▶ INFORMATION SUPPLIED
........

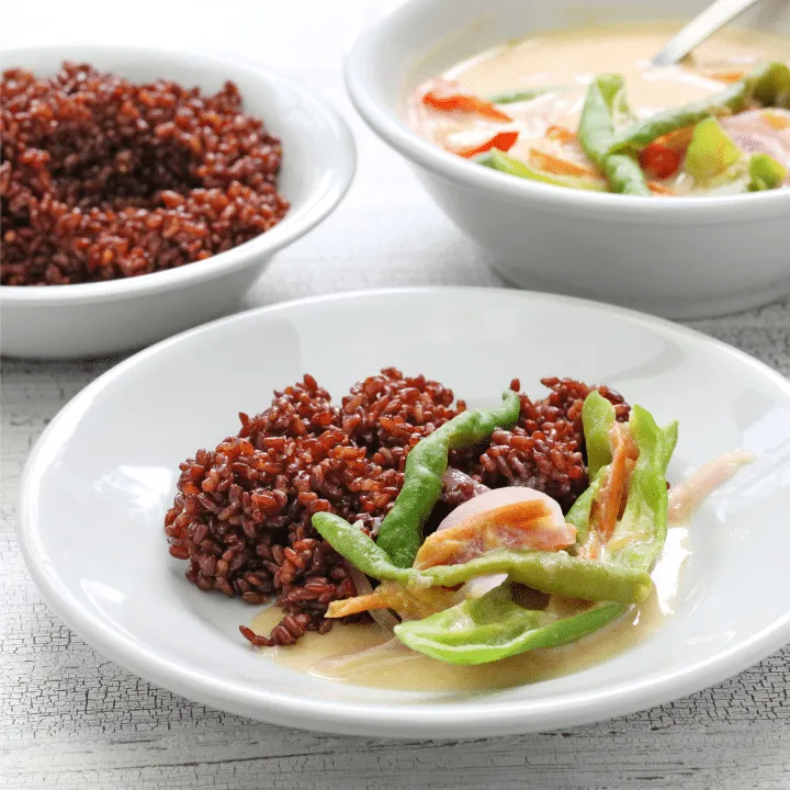 • Most dishes in Bhutan are served with red rice, so you will undoubtedly try it with or without planning on it. The red color of the uncooked rice comes from the antioxidant, the flavonoid anthocyanin. As it cooks, the color fades to a paler red or pink. The rice paddies where red rice are grown are irrigated with mineral-rich glacier water.
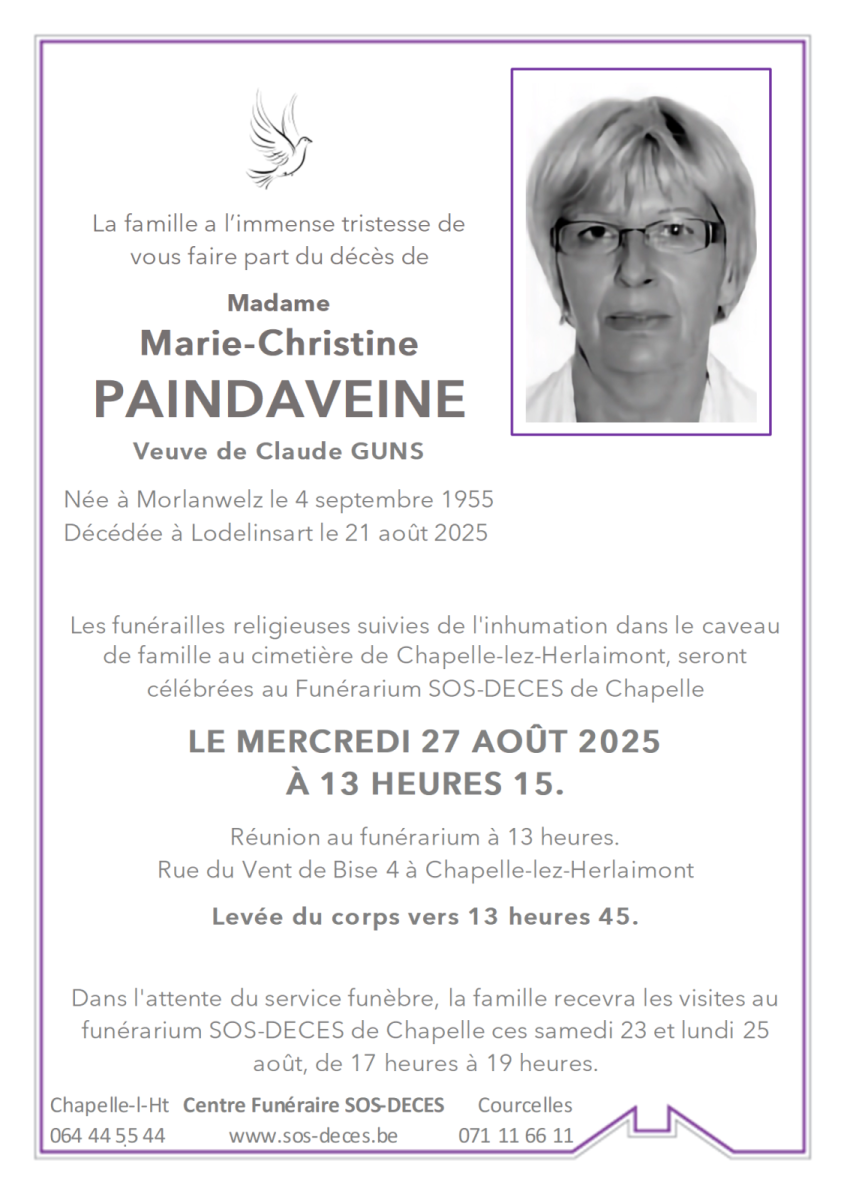 Décédée à Lodelinsart le 21 août 2025 à l'âge de 69 ans
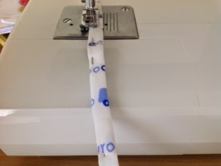 Before sewing the sides, however, because there was still some fabric leftover, I decided to make ties to close the opening. The ties are long strips of fabric folded bias tape style and then sewn on one side.

........

▶ THE PROBLEM
Would you provide an exact, picture-free copy of the data above?

▶ ANSWER FOR THE TASK
 • Most dishes in Bhutan are served with red rice, so you will undoubtedly try it with or without planning on it. The red color of the uncooked rice comes from the antioxidant, the flavonoid anthocyanin. As it cooks, the color fades to a paler red or pink. The rice paddies where red rice are grown are irrigated with mineral-rich glacier water.
 Décédée à Lodelinsart le 21 août 2025 à l'âge de 69 ans
 Before sewing the sides, however, because there was still some fabric leftover, I decided to make ties to close the opening. The ties are long strips of fabric folded bias tape style and then sewn on one side.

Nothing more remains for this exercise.